Note: CBT = cognitive-behavioral therapy; CWD = Coping With Depression; IPT-A = interpersonal therapy for adolescents.

We reviewed each of the treatments shown in the table, searching for common therapeutic foci/techniques, as shown in Table 2. One common thread was identified in all of the effective treatments: a focus on having the youths achieve measurable goals or increase their competence in a self-identified area. In addition, at least six of the nine effective treatments provided psychoeducation to youths, included some form of self-monitoring, addressed social relationship and communication skills, taught cognitive restructuring and general problem-solving skills, and used behavioral activation. Whether any of these components is necessary to successful treatment remains to be tested. For example, although cognitive restructuring was found to be a common element among six of these nine effective treatments, our meta-analysis suggested a similar treatment impact for therapies that emphasized cognitive change and those that did not (Weisz et al., 2006b). Nonetheless, the set of techniques described and elaborated on below has enough of an empirical basis to merit further consideration and investigation.

TABLE 2.

Treatment Techniques Incorporated in Effective Therapies for Youth Depression

Cognitive-Behavioral
Interpersonal
Cognitive
Family
Treatment Technique/Focus No. of Treatments Using Technique Depression Treatment Program (Wood et al., 1996) CBT (Ettelson, 2003) CWD (Lewinsohn et al., 1990) CWD with Parent (Lewinsohn et al., 1990) CWD (Curtis, 1992) IPT (Mufson et al., 1999) IPT (Rosello and Bernal, 1999) Feeling Good (Ackerson et al., 1988) Attachment-Based Family Therapy (Diamond et al., 2002)
Achieving measurable goals/promoting competency 9/9 Y Y Y Y Y Y Y Y Y
Child psychoeducation 6/9 N N Y Y Y Y Y Y N
Self-monitoring 8/9 Y Y Y Y Y Y Y Y N
Addresses relationship skills 8/9 Y Y Y Y Y Y Y N Y
Communication training 6/9 N N Y Y Y Y Y N Y
Cognitive restructuring 6/9 Y Y Y Y Y N N Y N
Problem solving 6/9 Y Y Y Y N Y Y N N
Behavioral activation 6/9 Y Y Y Y Y N N Y N
Relaxation 4/9 N Y Y Y Y N N N N
Improving the parent–child relationship 4/9 N N N Y N S S N Y
Parent psychoeducation 3/9 N N N Y N Y Y N N
Emotion regulation 3/9 N Y N N N Y Y N N

Note: CBT = cognitive-behavioral therapy; CWD = Coping With Depression; IPT = interpersonal therapy for adolescents; Y = yes; N = no; S = sometimes addressed (on a case-by-case basis).
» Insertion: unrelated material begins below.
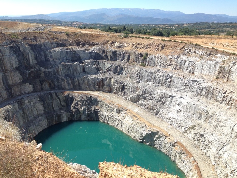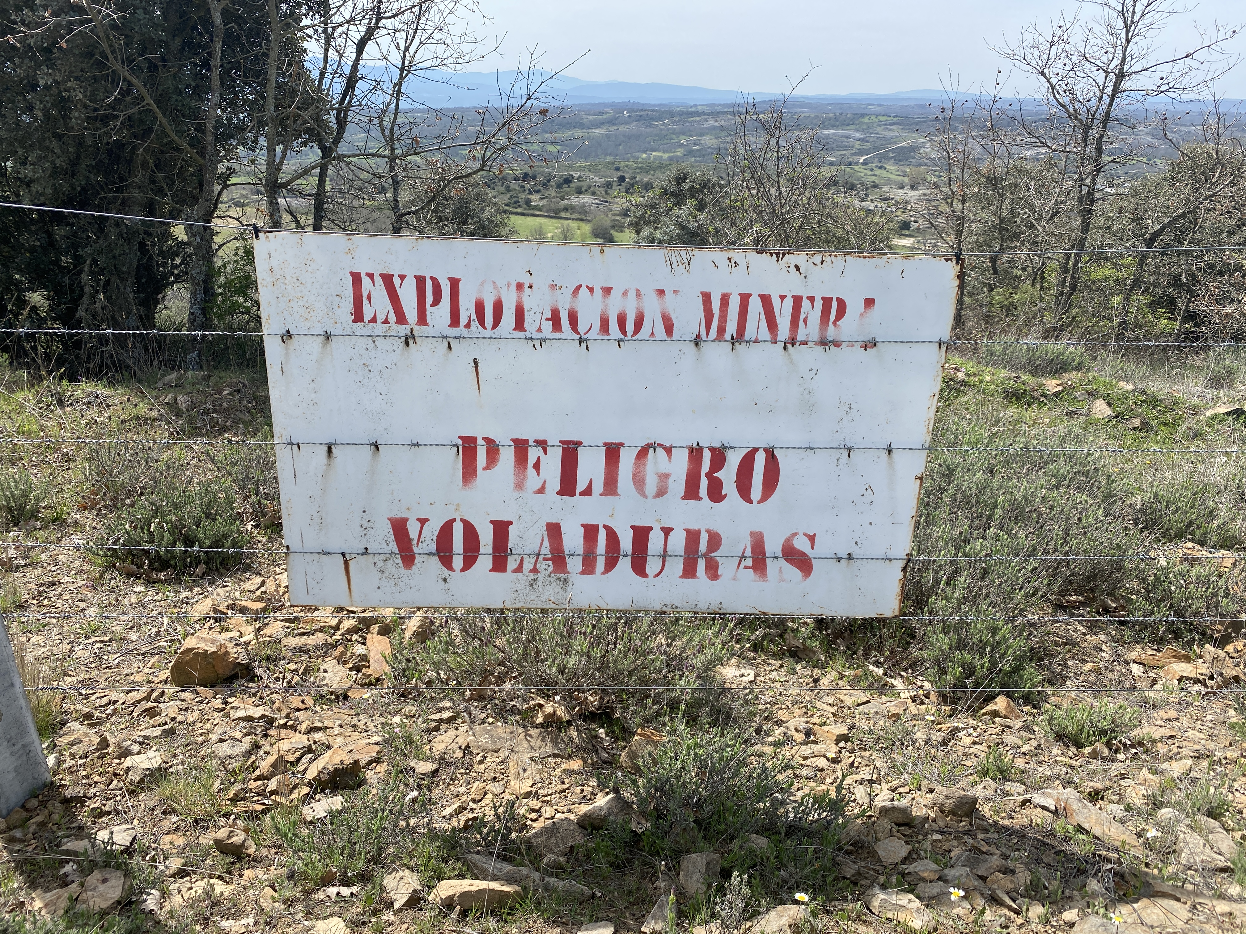 Abandonamos el bosque de castaños para caminar rumbo al Parque Temático de Granito, no sin antes pasar cerca de la antigua mina de wolframio cuya actividad es inexistente desde hace algunos años. Todavía se ven letreros que advierten de las voladuras que se llevaban a cabo en la zona, cuando la mina estaba a pleno rendimiento. No pudimos ver las huellas que, sobre el terreno, hizo la mina por estar demasiado lejos, pero es posible verlo desde otro punto distinto al que estábamos.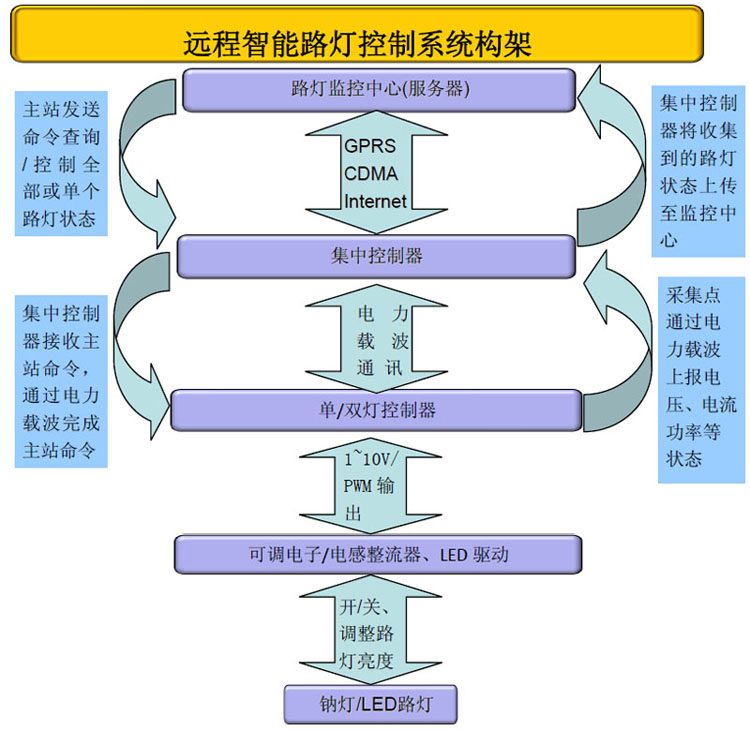 統(tǒng)一規(guī)劃:從全市路燈管理系統(tǒng)的建設(shè)需求出發(fā),統(tǒng)一規(guī)劃設(shè)計,統(tǒng)一部署,各路段、各區(qū)分級聯(lián)網(wǎng)管理,從而提高系統(tǒng)運行效率;

Achieving measurable goals/increasing competence involves helping youths achieve progress in an area of their life in which improvement is desired. For example, in the “feeling good” cognitive treatment, participants are encouraged to monitor activities in which they feel a sense of mastery and to break down large tasks into their tiny component parts, a technique referred to as “little steps for little feet” (Burns, 1980). Likewise, in attachment-based family therapy (Diamond et al., 2003), the second half of treatment focuses on promoting perceived and actual competence of adolescents through such goals as improving school performance, finding a job, and expanding social activities. Setting individual goals for treatment or developing a life plan was a component included in each of the effective CBT treatments.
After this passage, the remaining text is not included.